What is the underlying monad? In particular, what is it when I use the CharParser
parsers? I can't see where it's inserted in the stack. Is there a relationship to the use of the list monad in Monadic Parsing in Haskell to return multiple successful parses from an ambiguous parser?
In your case the underlying monad is Identity
. However ParsecT is different from most monad transformers in that it is an instance of the Monad
class even if the type parameter m
is not. If you look at the source code you will note the lack of "(Monad m) =>
" in the instance declaration.
So then you ask yourself, "If I were to have a non-trivial monad stack, where would it be used?"
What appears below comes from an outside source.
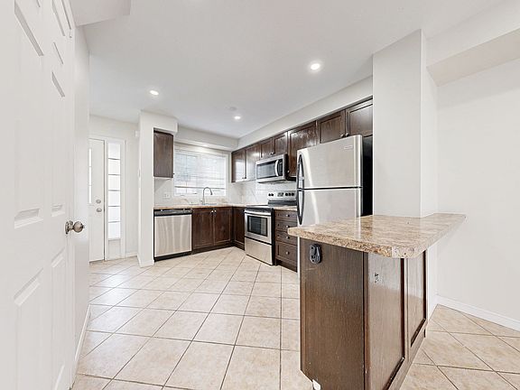 This newly renovated fabulous 3-bedroom townhouse is ideally located within easy reach of shopping, Schools, Transit, parks, and major highways. Elegantly Decorated In Neutral Tones & Beautifully Maintained & Upgraded. It features a Large Living Room, a Lovely Kitchen. 3 bedrooms and 3 washrooms. The upper floor has 2 washrooms with the primary having an ensuite and walk-in closet. A powder washroom on the main floor. Quality Hardwood Flooring. Fridge, Stove, Dishwasher, Washer & Dryer. Basement Is Not Included And Tenanted Separately. Main Floor Tenants Will Pay 60% Of Utilities. Available Now The renter is responsible for utilities. Last month's rent is due at signing. No smoking allowed. No pets allowed.

There are a three of answers to that question:
It is used to uncons
the next token out of the stream:
class (Monad m) => Stream s m t | s -> t where
uncons :: s -> m (Maybe (t,s))
Notice that uncons
takes an s
(the stream of tokens t
) and returns its result wrapped in your monad. This allows one to do interesting thing while or even during the process of getting the next token.
It is used in the resulting output of each parser. This means you can create parsers that don't touch the input but take action in the underlying monad and use the combinators to bind them to regular parsers. In other words, lift (x :: m a) :: ParsecT s u m a
.
Finally, the end result of RunParsecT and friends (until you build up to the point where m
is replaced by Identity
) return their results wrapped in this monad.
There is not a relationship between this monad and the one from Monadic Parsing in Haskell. In this case Hutton and Meijer are referring to the monad instance for ParsecT itself. The fact that in Parsec-3.0.0 and beyond ParsecT has become a monad transformer with an underlying monad is not relevant to the paper.
What I think you are looking for however is where the list of possible results went. In Hutton and Meijer the parser returns a list of all possible results while Parsec stubbornly returns only one. I think you are looking at the m
in the result and thinking to yourself that the list of results must be hiding in there somewhere. It is not.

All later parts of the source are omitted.